Assigned task
Copy each of the entries below faithfully, setting aside any pictures.

----------

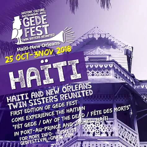 Du 25 octobre au 03 novembre 2018, la toute première édition du Gede fest établira ses quartiers sur plusieurs sites de la capitale. « Un événement qui a pour but de réunifier la Nouvelle-Orléans, la plus grande ville de l’État de Louisiane aux États-Unis d’Amérique et Haïti qui sont liés par leur passé historique et leur richesse culturelle.» précise Pierre Chauvet de l’agence Citadelle, responsable de logistique du festival.
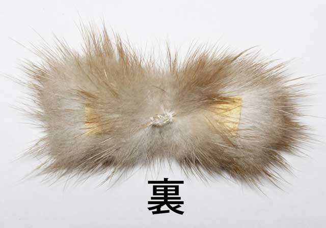 【1個】リボン型 ミンクファー [ベージュ色, 3cm×8cm] sgy-708b(ヘアアクセ パーツ カチューシャ バレッタ ヘアクリップ 資材 ハンドメイド ミンク ファー ふわふわ ベージュ リボン)
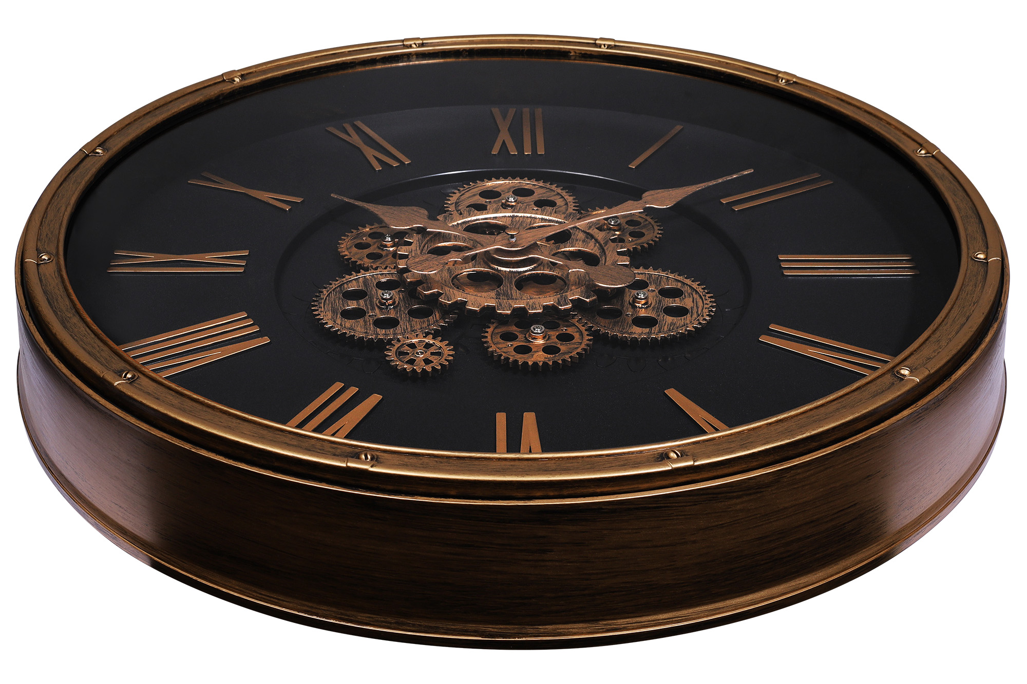 De klok is ontworpen in een klassieke skeletstijl. Het centrale ontwerpelement is het zichtbare tandwielsysteem binnenin, dat de klok een technische, bijna nostalgische charme geeft. De kleurencombinatie van geborsteld goud en vintage geeft de kast een antieke uitstraling en past perfect in een shabby chic of moderne loft-sfeer.
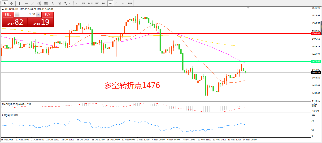 4小时图看,金价延续震荡反弹,短期走势有所回暖,1500美金成为短期重要关口,均线系统逐渐走平,MACD绿柱减少,RSI指标走平,日内重点关注1475附近得失。
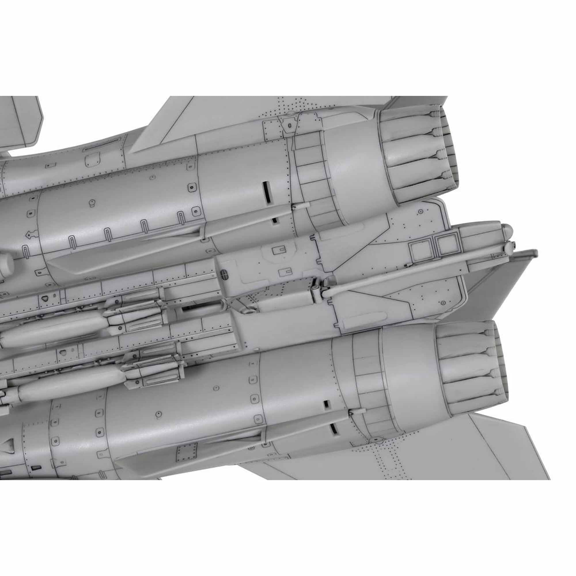 - Canopy, air intake side sections and fuselage sides are slide molded to ensure their shapes and surfaces are accurately depicted.
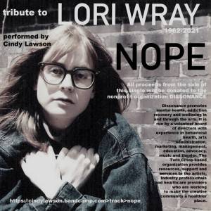 Cindy Lawson has recorded Nope, a song written by Lori Wray. It is a touching tribute and fundraiser for Dissonance, an organization that examines the intersection of creativity and wellbeing to promote awareness and support for mental health, addiction, and compassion in the arts. You can access (and buy) it on Bandcamp.
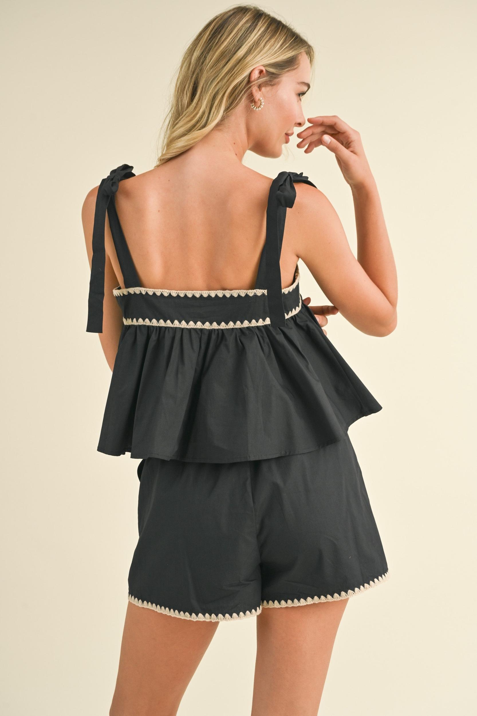 Step into sunshine and summer vibes with our adorable tie shoulder top and shorts set, featuring the most delicate scallop stitch trim! 😍 This dreamy ensemble is perfect for those warm days when you want to be both comfortable and stylish.
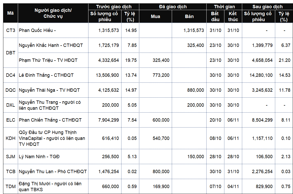 Danh sách lãnh đạo công ty và người thân giao dịch từ ngày 3-7/11/2025
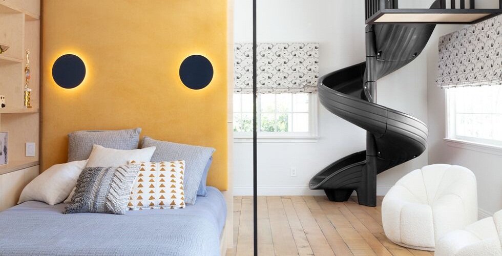 Эта спальня от дизайнерской студии из Калифорнии представляет собой идеальную игровую зону для подросшего мальчика, секретный уголок в доме, в который не так-то просто попасть. Лестница в комнату превращается в горку, над полноразмерной кроватью натянут гамак, в котором можно весело проводить время с друзьями. Такая надстройка позволяет освободить место на полу.

----------

Result of the exercise
 Du 25 octobre au 03 novembre 2018, la toute première édition du Gede fest établira ses quartiers sur plusieurs sites de la capitale. « Un événement qui a pour but de réunifier la Nouvelle-Orléans, la plus grande ville de l’État de Louisiane aux États-Unis d’Amérique et Haïti qui sont liés par leur passé historique et leur richesse culturelle.» précise Pierre Chauvet de l’agence Citadelle, responsable de logistique du festival.
 【1個】リボン型 ミンクファー [ベージュ色, 3cm×8cm] sgy-708b(ヘアアクセ パーツ カチューシャ バレッタ ヘアクリップ 資材 ハンドメイド ミンク ファー ふわふわ ベージュ リボン)
 De klok is ontworpen in een klassieke skeletstijl. Het centrale ontwerpelement is het zichtbare tandwielsysteem binnenin, dat de klok een technische, bijna nostalgische charme geeft. De kleurencombinatie van geborsteld goud en vintage geeft de kast een antieke uitstraling en past perfect in een shabby chic of moderne loft-sfeer.
 4小时图看,金价延续震荡反弹,短期走势有所回暖,1500美金成为短期重要关口,均线系统逐渐走平,MACD绿柱减少,RSI指标走平,日内重点关注1475附近得失。
 - Canopy, air intake side sections and fuselage sides are slide molded to ensure their shapes and surfaces are accurately depicted.
 Cindy Lawson has recorded Nope, a song written by Lori Wray. It is a touching tribute and fundraiser for Dissonance, an organization that examines the intersection of creativity and wellbeing to promote awareness and support for mental health, addiction, and compassion in the arts. You can access (and buy) it on Bandcamp.
 Step into sunshine and summer vibes with our adorable tie shoulder top and shorts set, featuring the most delicate scallop stitch trim! 😍 This dreamy ensemble is perfect for those warm days when you want to be both comfortable and stylish.
 Danh sách lãnh đạo công ty và người thân giao dịch từ ngày 3-7/11/2025
 Эта спальня от дизайнерской студии из Калифорнии представляет собой идеальную игровую зону для подросшего мальчика, секретный уголок в доме, в который не так-то просто попасть. Лестница в комнату превращается в горку, над полноразмерной кроватью натянут гамак, в котором можно весело проводить время с друзьями. Такая надстройка позволяет освободить место на полу.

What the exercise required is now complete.